Kecintaan Pep kepada musik tidak hanya tercermin dari strategi yang ia terapkan. Dirinya juga sosok yang sangat menggilai musik dalam arti sebenarnya. Hal itu terbukti dari Viva la Vida karya Coldplay yang sering ia mainkan kala menangani Barcelona.
Pep merupakan penggemar berat band rock alternatif asal London tersebut. Ia selalu memutar lagu yang dibawakan Chris Martin itu menjelang berlaga.
Coldplay menjadi sumber inspirasi baginya selama berkarier di lapangan hijau. Lagu-lagu karya mereka dapat membuatnya lebih tenang setiap kali dirinya berada dalam tekanan.
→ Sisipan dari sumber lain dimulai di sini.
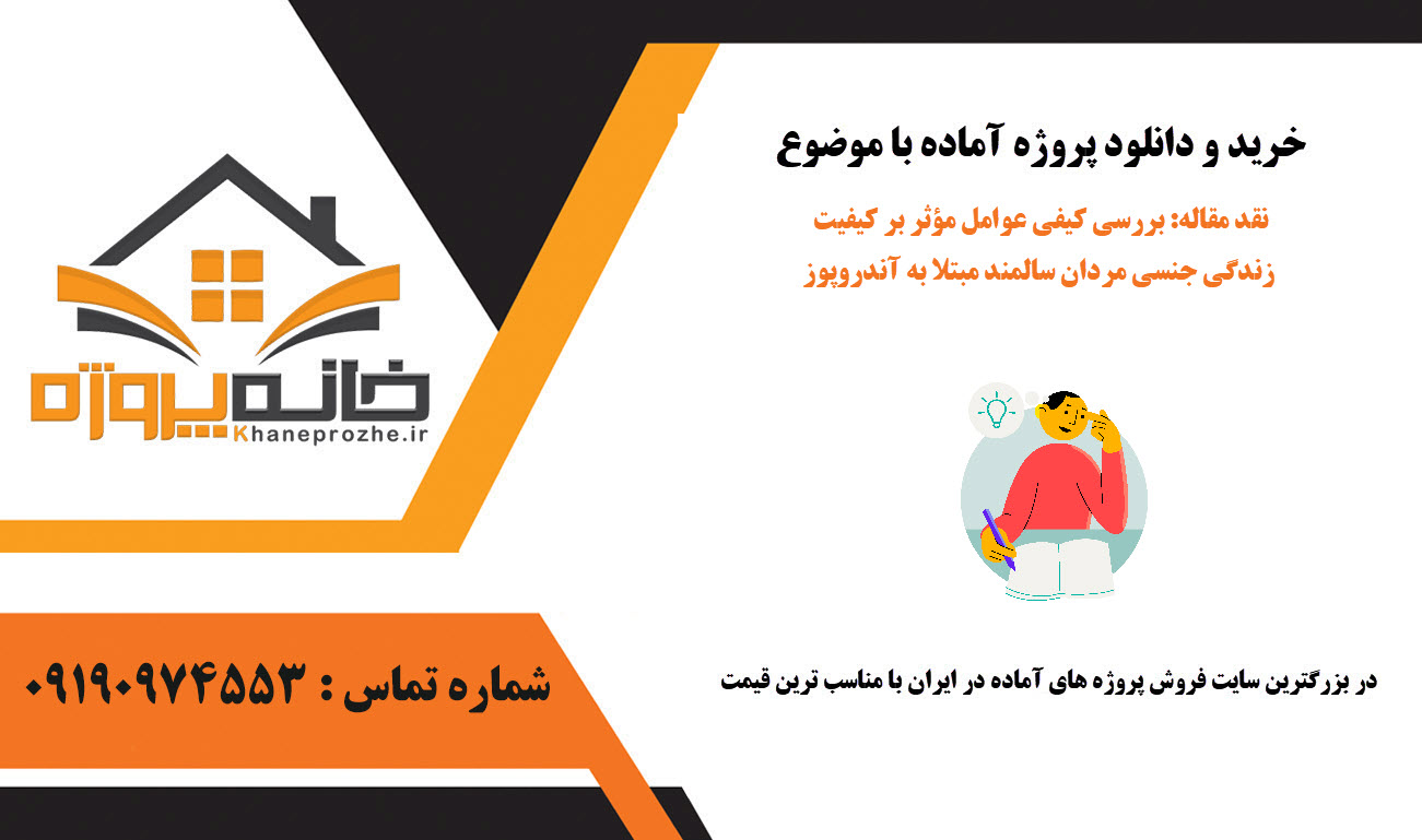 سایت خانه پروژه یکی از بزرگترین سایتهای فروش فایل و پروژه در کشور است که با قرار دادن هزاران پروژه در حوزه ها و رشته های مختلف به مرجعی برای دانشجویان و شرکت های تجاری برای دریافت پروژه های آماده تبدیل شده است.در زیر پروژه ای آماده با موضوع“نقد مقاله: بررسی کیفی عوامل مؤثر بر کیفیت زندگی جنسی مردان سالمند مبتلا به آندروپوز”برای شما عزیزان قرار داده شده که توضیحات آن را در ادامه میتوانید مشاهده نمایید.

Manajer kelahiran Spanyol itu bahkan meminta para pemainnya dalam skuat Barca untuk mendengarkan lagu tersebut guna mendongkrak semangat mereka menjelang pertandingan. Sejak saat itu Viva la Vida menjadi "dressing room anthem" bagi Xavi Hernandez dkk.
"Viva La Vida adalah sebuah karya orkestrasi megah yang memotivasi dan memberi kita keberuntungan." – Xavi Hernandez, eks Barcelona.
Pengakuan mantan penggawa timnas Negeri Matador itu kelak terbukti dengan gelimang gelar yang sukses diraih Barca. Musim 2008/09 merupakan puncaknya. Mereka tak hanya meraih seluruh gelar yang tersedia, tapi juga mendefinisikan ulang sepak bola lewat Tiki-taka.Â
Rutinitas mendengarkan lagu sebelum bertanding rupanya tak hanya dilakukan oleh Xavi saja. Banyak pesepak bola yang melakukan kebiasaan serupa. Bahkan ritus tersebut sudah menjadi budaya bagi pesepak bola di seluruh dunia.
Selera musik Ronaldo cukup beragam, mulai dari lagu era 80-an hingga musik elektronik. Lain halnya dengan Messi dan Neymar yang lebih menyukai lagu-lagu Amerika Latin. Sementara musik Reggae Bob Marley menjadi favorit Ibrahimovic.